Claire Keyes
Carmina Suburba
A fiery collage of Medieval song, twisted hymns and Latin chants, the dissonant and divine: Carmina Burana. At rehearsals we line up, one behind the other, hands on shoulders, necks, kneading, kneading, a slap down the spine, then back up to stir the sounds within. Single, alone, I joined the chorus at a hiatus in my life. Now here are one hundred of us, male balancing female, suburban choristers hailing the Goddess Fortuna, our eyes fixed on our conductor, his eyes swerving towards his favorite tenor. The men’s drinking song calls up college days, carousing in taverns, sawdust floors, stale smoke, beer-soaked boys. As if those raucous times rolled on, the basses and tenors beckon all to come and drink, sopranos and altos responding to the lusty choristers until the music’s exuberance stamps itself on my heart, the dancers leaping onto stage to perform with us in a swirl of reds and blacks, acrobatic and daring in their coupling.
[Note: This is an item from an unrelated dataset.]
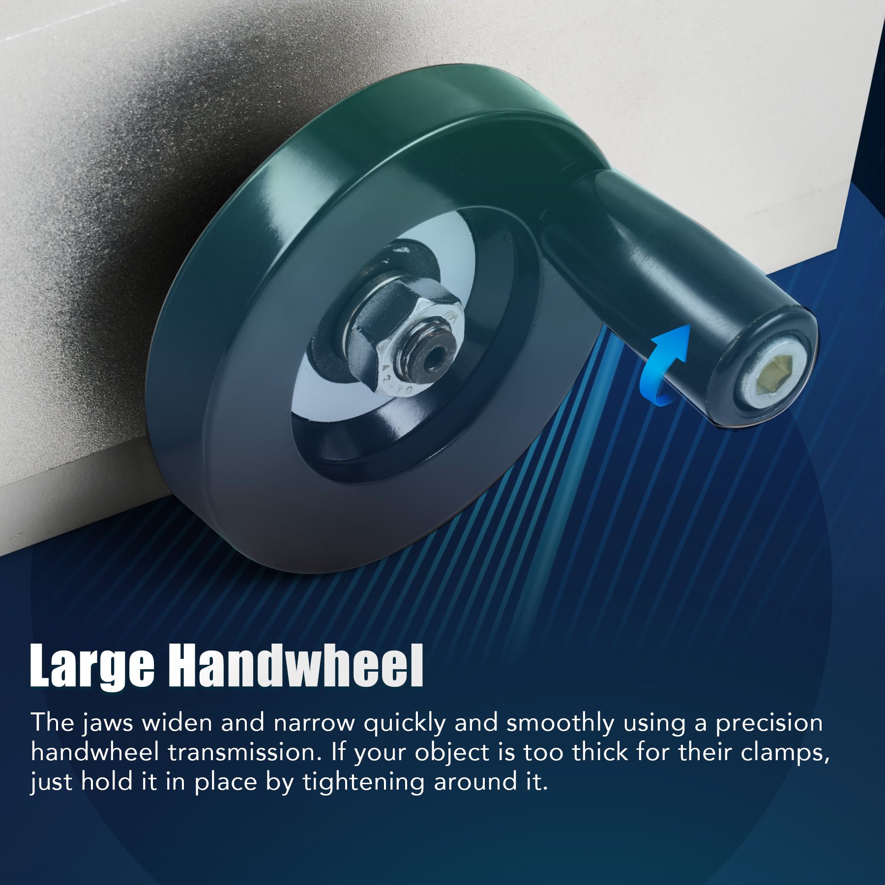 The jaws widen and narrow quickly and smoothly using a precision handwheel transmission. If your object is too thick for their clamps, just hold it in place by tightening around it.

Claire Keyes is the author of The Question of Rapture, a collection of poems. Professor Emerita at Salem State College, where she taught English for thirty years, she has also written The Aesthetics of Power: The Poetry of Adrienne Rich, newly published in paperback in 2009 by the University of Georgia Press. Her poems and reviews have appeared in Calyx, The Valparaiso Review, and The Women’s Review of Books, among others. She is a resident of Marblehead, Massachusetts.